这一部分的内容比较简单,其实就只需要知道这一部分要完成什么样的工作,因为具体的完成是底层相关的。主要完成的就是页表和TLB刷出,当然还有一些细节之处。

三,切换处理器内容

这部分主要的代码如下:

	/* Here we just switch the register state and the stack. */
	switch_to(prev, next, prev);

	barrier();
	/*
	 * this_rq must be evaluated again because prev may have moved
	 * CPUs since it called schedule(), thus the 'rq' on its stack
	 * frame will be invalid.
	 */
	finish_task_switch(this_rq(), prev);
}
先理解一下这个代码的结构,这里注意switch_to在调用之后,就完成了进程切换,因为在调用完这个函数之后,寄存器和栈的环境就会发生变化,也就是说位于switch_to之后的代码只有在当前进程下一次被选择运行时才会被执行。

barrier()是一个编译器指令,它其实提供一个内存使用的屏障。是一个原语操作。

#define barrier() __asm__ __volatile__("": : :"memory")
这条语句是告知编译器,保存在CPU寄存器中、在barrier()执行之前有效的所有内存地址,在barrier()执行之后都将失效。就是在执行之后,该进程不会有任何依赖于之前的内存进行读写。这条语句在这里也确保switch_to和finish_task_switch语句的执行顺序不会被优化,因为编译器知道这里不能被顺序优化。

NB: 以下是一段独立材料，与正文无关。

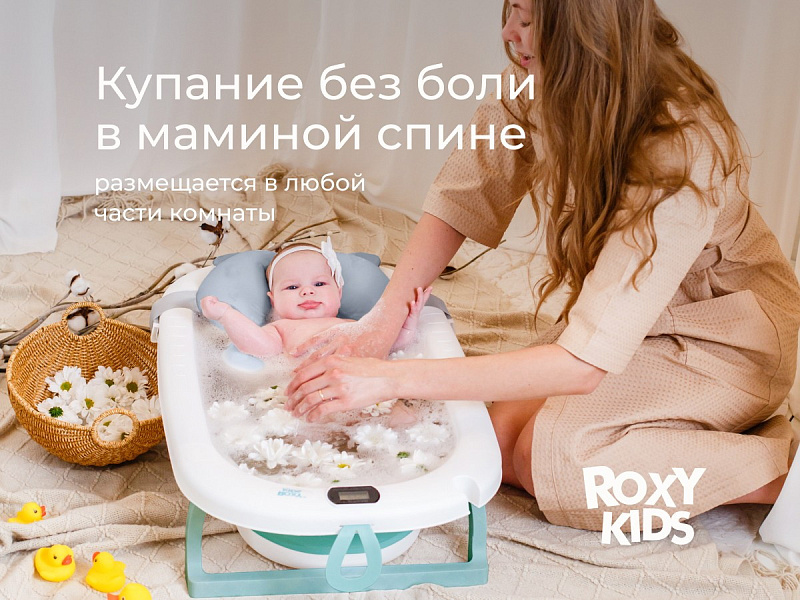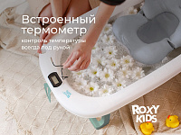 Детская складная ванночка для новорожденных с анатомическим матрасиком от ROXY-KIDS обеспечит комфортное купание с первых дней жизни. Ванночка оснащена мягким анатомическим матрасиком, который легко крепится к бортикам с помощью трех регулируемых ремней и гарантирует надежную фиксацию и комфорт для вашего малыша. Встроенный термометр позволяет легко контролировать температуру воды, а отверстие для душевой лейки облегчает процесс наполнения ванночки. Герметичная пробка обеспечивает легкость и удобство при сливе воды. Ванночка компактно складывается и оснащена петлей для крючка, поэтому не занимает много места при хранении. Ванночка изготовлена из гипоаллергенных материалов с использованием безопасных красителей. Матрасик из дышащей ткани с мягким наполнителем из гранул пенополистирола подстраивается под тело малыша, обеспечивая массажный эффект. Матрасик быстро высыхает в вертикальном положении и легко стирается в режиме бережной стирки. Устойчивые ножки и прочный пластик обеспечивают надежность и безопасность во время купания. Благодаря компактному размеру ванночку можно разместить в ванной, душевой кабине или на полу. В первые месяцы вы сможете купать новорожденного малыша в положении лежа с помощью анатомического матрасика. Когда малыш подрастет и начнет сидеть самостоятельно, горку можно будет снять, после чего противоположная стенка ванночки станет удобной спинкой для поддержки ребенка.

这里看到switch_to有三个形式参数,但只传递了两个参数值,让我们看个究竟,它的定义是一个宏:

#define switch_to(prev,next,last) do {					\
	unsigned long esi,edi;						\
	asm volatile("pushfl\n\t"		/* Save flags */	\
		     "pushl %%ebp\n\t"					\
		     "movl %%esp,%0\n\t"	/* save ESP */		\
		     "movl %5,%%esp\n\t"	/* restore ESP */	\
		     "movl $1f,%1\n\t"		/* save EIP */		\
		     "pushl %6\n\t"		/* restore EIP */	\
		     "jmp __switch_to\n"				\
		     "1:\t"						\
		     "popl %%ebp\n\t"					\
		     "popfl"						\
		     :"=m" (prev->thread.esp),"=m" (prev->thread.eip),	\
		      "=a" (last),"=S" (esi),"=D" (edi)			\
		     :"m" (next->thread.esp),"m" (next->thread.eip),	\
		      "2" (prev), "d" (next));				\
} while (0)

在分析这段代码之前,先看一些task_struct中thread的结构:

struct task_struct{
......
      struct thread_struct thread;
......
};
struct thread_struct {
/* cached TLS descriptors. */
	struct desc_struct tls_array[GDT_ENTRY_TLS_ENTRIES];
	unsigned long	esp0;
	unsigned long	sysenter_cs;
	unsigned long	eip;
	unsigned long	esp;
	unsigned long	fs;
	unsigned long	gs;
/* Hardware debugging registers */
	unsigned long	debugreg[8];  /* %%db0-7 debug registers */
/* fault info */
	unsigned long	cr2, trap_no, error_code;
/* floating point info */
	union i387_union	i387;
/* virtual 86 mode info */
	struct vm86_struct __user * vm86_info;
	unsigned long		screen_bitmap;
	unsigned long		v86flags, v86mask, saved_esp0;
	unsigned int		saved_fs, saved_gs;
/* IO permissions */
	unsigned long	*io_bitmap_ptr;
 	unsigned long	iopl;
/* max allowed port in the bitmap, in bytes: */
	unsigned long	io_bitmap_max;
};
在thread_struct结构中,我们下面关心的就是EIP:指令指针寄存器,在分段机制启动后,它保存指令执行的偏移地址。ESP:堆栈栈顶的指针,就是内核态的栈顶指针。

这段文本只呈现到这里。